Retrieval of top-of-atmosphere fluxes from combined EarthCARE lidar, imager, and broadband radiometer observations: the BMA-FLX product

Abstract

The Earth Cloud, Aerosol and Radiation Explorer (EarthCARE) satellite mission is expected to provide new insights into aerosols, clouds, and radiation. The satellite's payload includes four instruments designed to synergistically retrieve vertical profiles of clouds and aerosols, along with the atmospheric radiation data. This will enable the determination of atmospheric heating rates and top-of-atmosphere radiances and fluxes.
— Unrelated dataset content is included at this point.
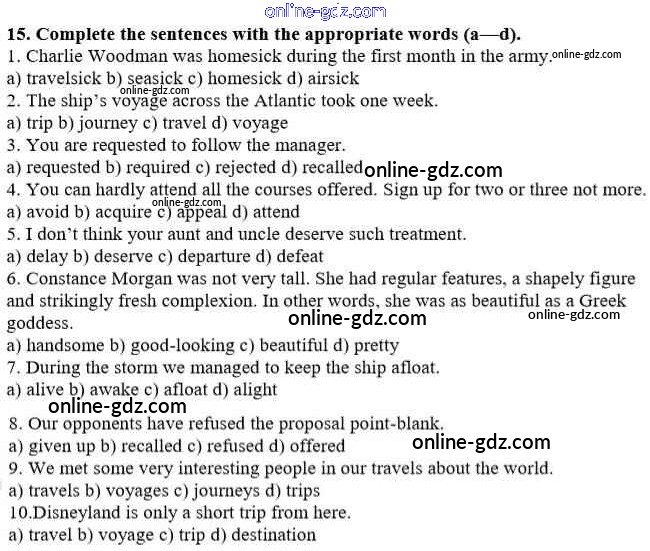 Готовые домашние задания по Английскому языку за 10 класс Рабочая тетрадь Афанасьева, Михеева Rainbow 2016 - Unit 4. In Harmony with the World 15

This paper focuses on the BMA-FLX processor, specifically created, developed, and validated to retrieve thermal and solar top-of-atmosphere radiative fluxes from longwave and shortwave radiances, measured along track by the EarthCARE Broad-Band Radiometer (BBR) instrument. These radiances are co-registered either at the surface or, in cloudy conditions, at the radiatively most significant vertical layer of the atmosphere (reference level). The Multi-Spectral Imager (MSI) and Atmospheric Lidar (ATLID) on board EarthCARE support cloud identification, while meteorological data from the European Centre for Medium-Range Weather Forecasts provide the surface and atmospheric necessary information. In the BMA-FLX processor, flux is estimated independently for each BBR view using different approaches for the longwave and shortwave radiances. A combined flux, derived from co-registered radiances at the reference level, is provided as the best estimate for a given scene. The radiance-to-flux conversion algorithms have been successfully validated through end-to-end verification using L1 and L2 synthetic data for three EarthCARE orbits. In general, a good agreement is found between the retrieved fluxes and the model truth, with root mean square errors (RMSEs) varying between 7 and 18 W m −2 for the solar fluxes and lower than 6 W m −2 for the thermal fluxes. The BMA-FLX's objective is to achieve radiative closure for EarthCARE with solar and thermal fluxes within 10 W m −2 .